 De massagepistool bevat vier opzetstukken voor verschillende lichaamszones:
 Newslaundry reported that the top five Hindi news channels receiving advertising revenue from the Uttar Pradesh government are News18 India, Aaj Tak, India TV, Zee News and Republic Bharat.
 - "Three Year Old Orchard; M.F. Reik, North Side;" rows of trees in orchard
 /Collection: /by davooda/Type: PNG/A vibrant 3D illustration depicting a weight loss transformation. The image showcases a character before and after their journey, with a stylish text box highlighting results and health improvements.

==

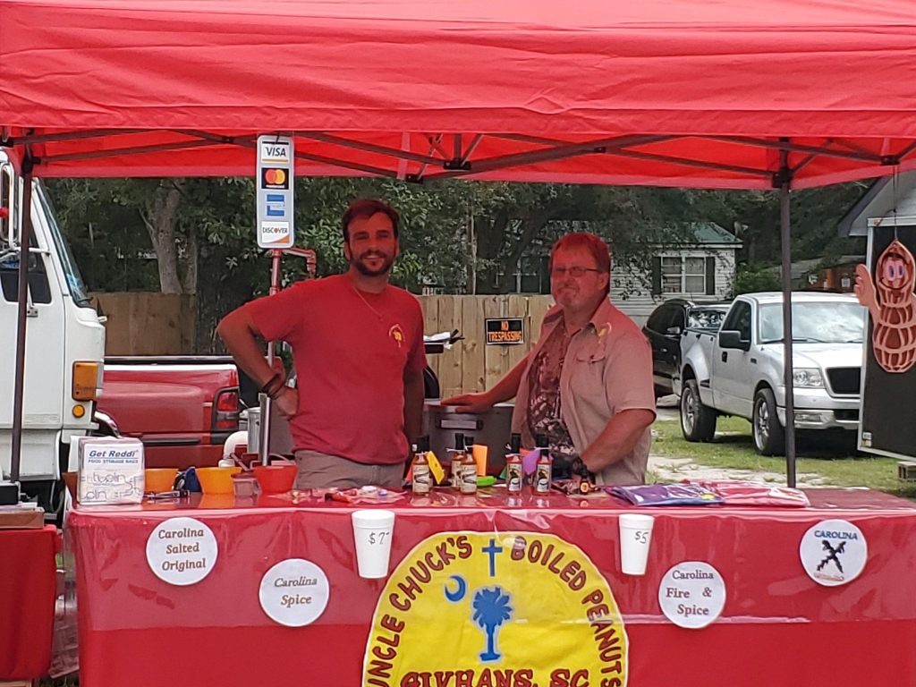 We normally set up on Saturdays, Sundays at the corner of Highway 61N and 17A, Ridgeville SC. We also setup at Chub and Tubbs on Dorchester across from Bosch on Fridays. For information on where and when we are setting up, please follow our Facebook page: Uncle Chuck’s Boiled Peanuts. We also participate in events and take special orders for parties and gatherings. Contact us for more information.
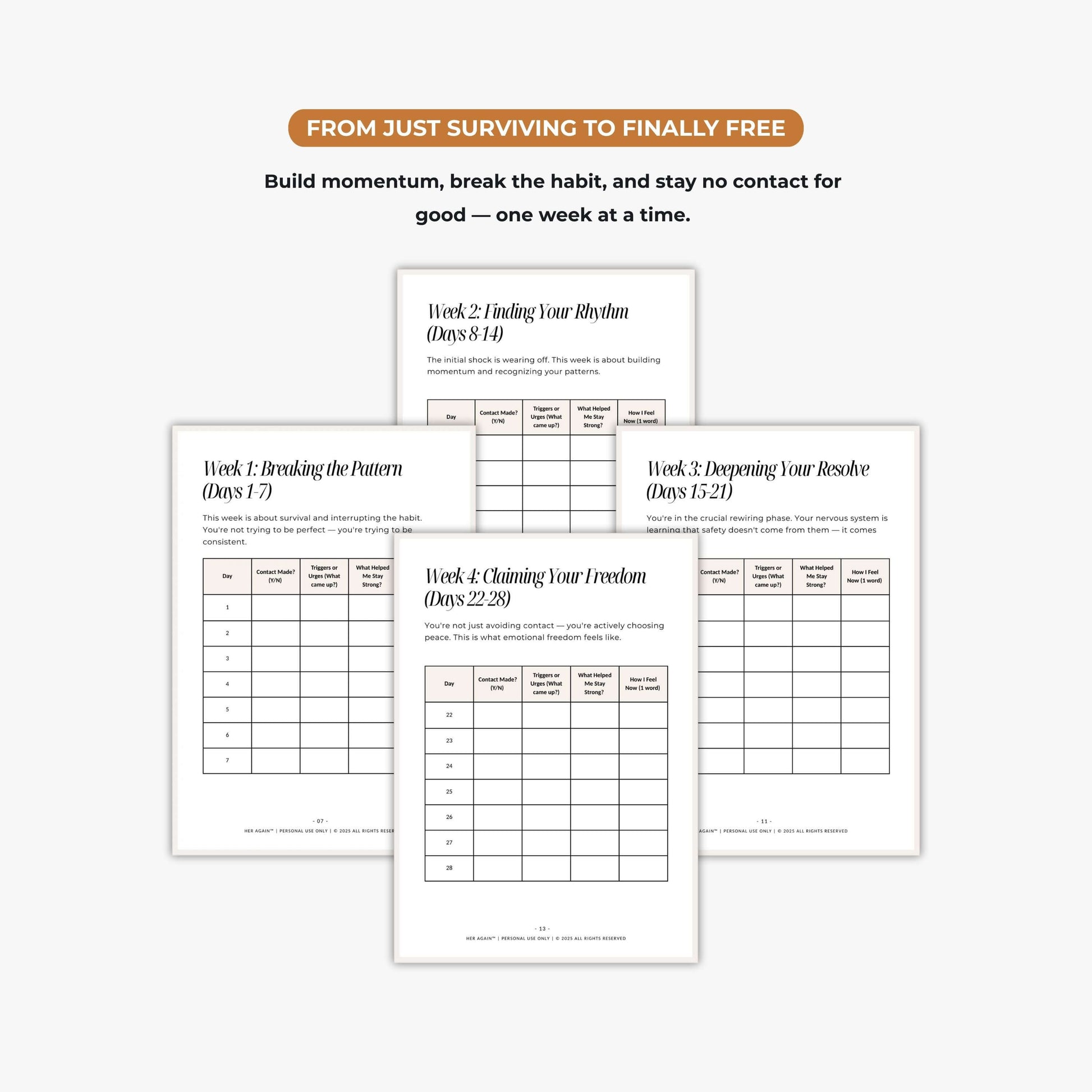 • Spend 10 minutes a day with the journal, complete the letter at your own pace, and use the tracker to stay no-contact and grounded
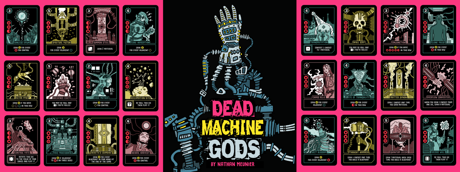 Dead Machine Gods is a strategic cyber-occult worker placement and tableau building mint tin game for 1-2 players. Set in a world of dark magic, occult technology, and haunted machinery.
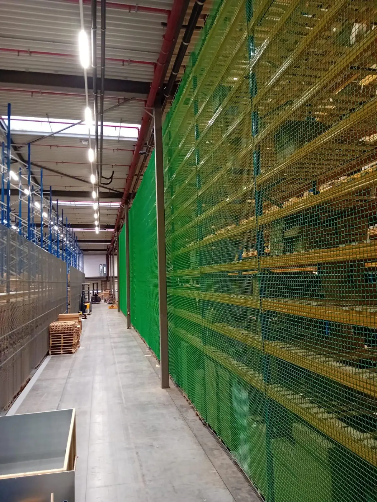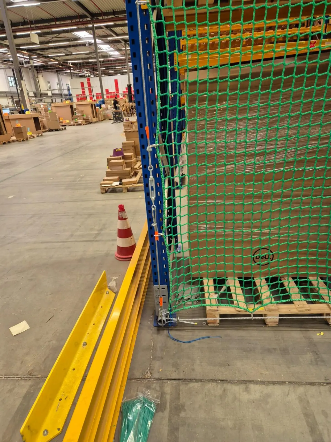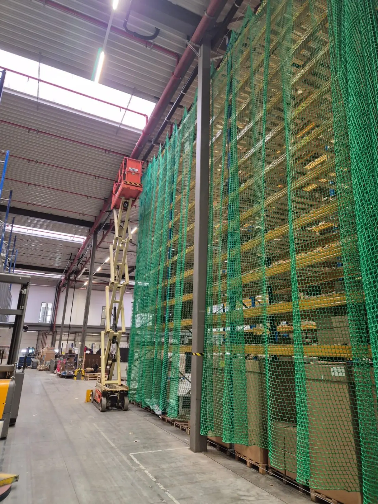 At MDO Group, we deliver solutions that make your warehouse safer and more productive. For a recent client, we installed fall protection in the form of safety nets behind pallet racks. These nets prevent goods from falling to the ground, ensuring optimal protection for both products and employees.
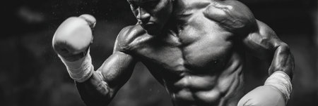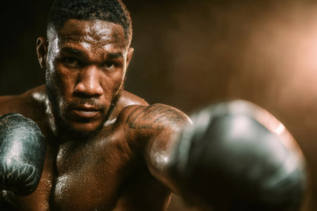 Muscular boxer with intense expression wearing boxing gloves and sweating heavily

• Exercise brief:
Only the lines above starting at the line that holds "trees in orchard" and ending at the line that holds "and health improvements." are to be repeated, exactly and in full.

• Response for this exercise:
 - "Three Year Old Orchard; M.F. Reik, North Side;" rows of trees in orchard
 /Collection: /by davooda/Type: PNG/A vibrant 3D illustration depicting a weight loss transformation. The image showcases a character before and after their journey, with a stylish text box highlighting results and health improvements.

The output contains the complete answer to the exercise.